Exercise description:
Within the records that follow, restate exactly the lines from the line with "店の住所が店名まんまのカニ料" down to the line with "結合我國移動出行行業細分市場發展前景來看,我國移動出行行業仍將保持高速增長態勢,到 2026 年,全國移動出行市場規模將達到", including both. Omit the pictures.

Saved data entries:
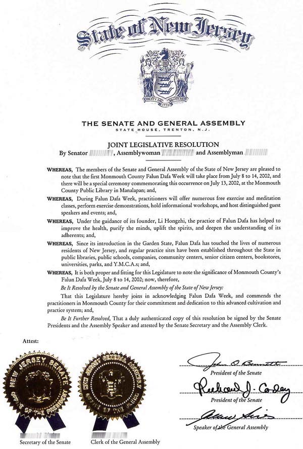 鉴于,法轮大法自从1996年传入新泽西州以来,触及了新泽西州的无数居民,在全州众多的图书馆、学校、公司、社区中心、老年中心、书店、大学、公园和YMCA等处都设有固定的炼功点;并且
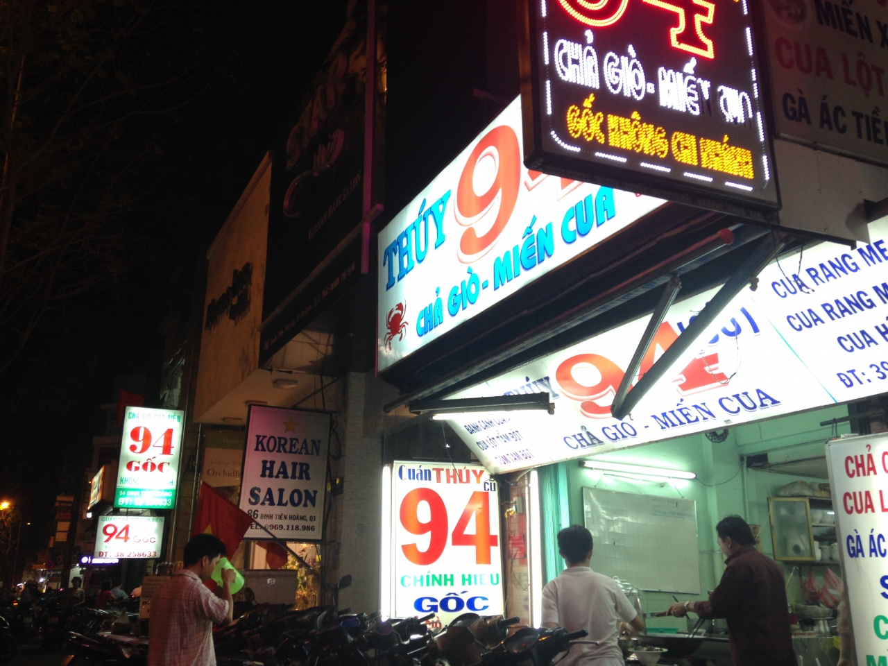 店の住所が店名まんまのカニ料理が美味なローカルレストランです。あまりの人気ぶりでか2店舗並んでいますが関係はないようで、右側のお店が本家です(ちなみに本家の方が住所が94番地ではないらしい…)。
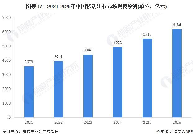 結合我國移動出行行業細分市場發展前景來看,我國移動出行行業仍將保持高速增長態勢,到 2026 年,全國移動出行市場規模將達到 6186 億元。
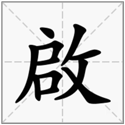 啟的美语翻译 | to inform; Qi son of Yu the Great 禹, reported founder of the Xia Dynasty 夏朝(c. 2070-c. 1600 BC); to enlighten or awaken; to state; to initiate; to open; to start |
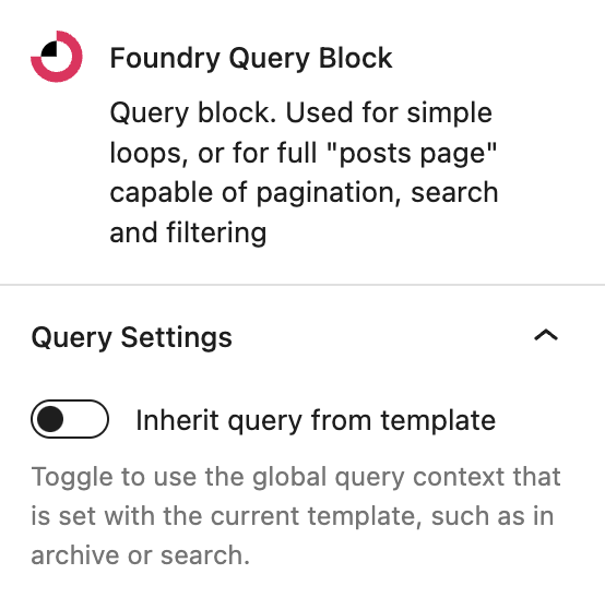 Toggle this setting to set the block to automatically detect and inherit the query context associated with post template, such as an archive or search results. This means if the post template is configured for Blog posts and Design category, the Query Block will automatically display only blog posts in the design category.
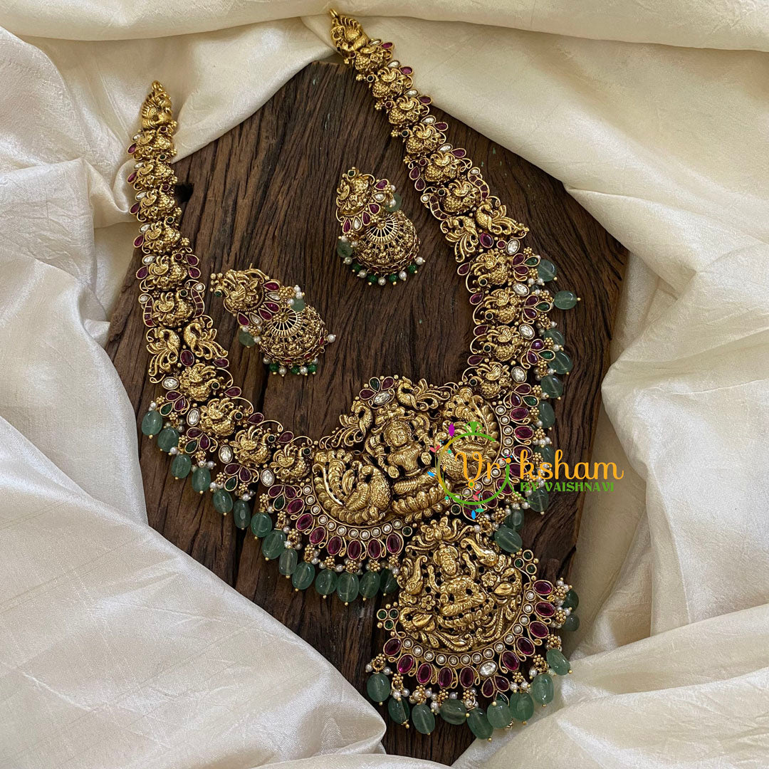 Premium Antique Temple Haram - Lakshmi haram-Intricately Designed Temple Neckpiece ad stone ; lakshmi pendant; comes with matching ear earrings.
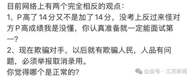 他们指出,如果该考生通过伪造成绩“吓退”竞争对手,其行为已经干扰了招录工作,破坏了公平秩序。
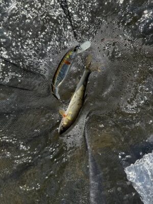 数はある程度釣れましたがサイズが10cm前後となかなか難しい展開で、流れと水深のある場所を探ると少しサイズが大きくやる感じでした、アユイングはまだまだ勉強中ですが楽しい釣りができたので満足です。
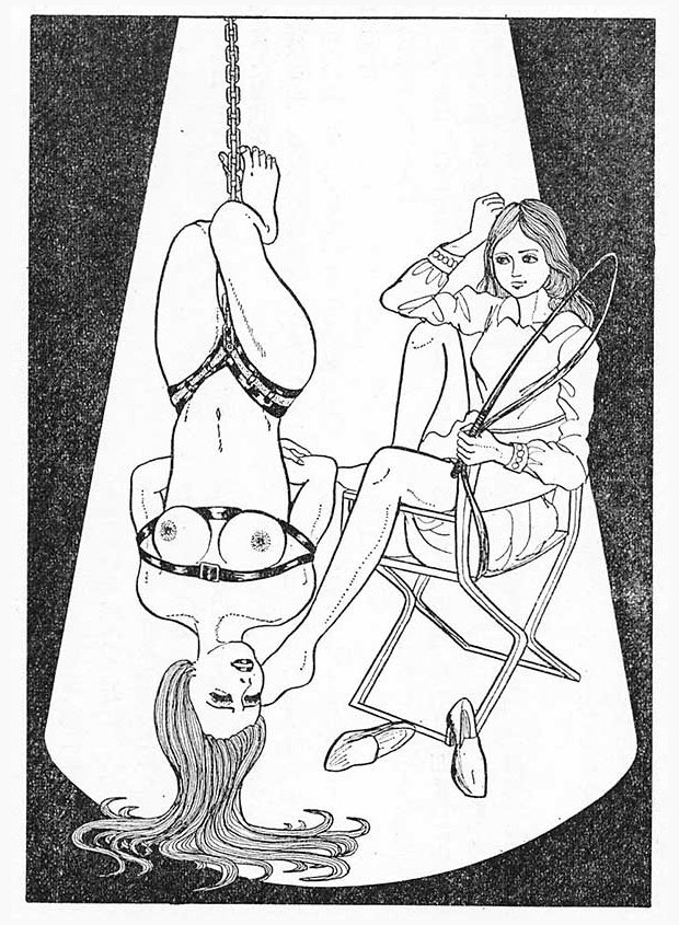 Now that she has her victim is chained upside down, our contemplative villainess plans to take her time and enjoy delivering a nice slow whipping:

Solution for this problem:
 店の住所が店名まんまのカニ料理が美味なローカルレストランです。あまりの人気ぶりでか2店舗並んでいますが関係はないようで、右側のお店が本家です(ちなみに本家の方が住所が94番地ではないらしい…)。
 結合我國移動出行行業細分市場發展前景來看,我國移動出行行業仍將保持高速增長態勢,到 2026 年,全國移動出行市場規模將達到 6186 億元。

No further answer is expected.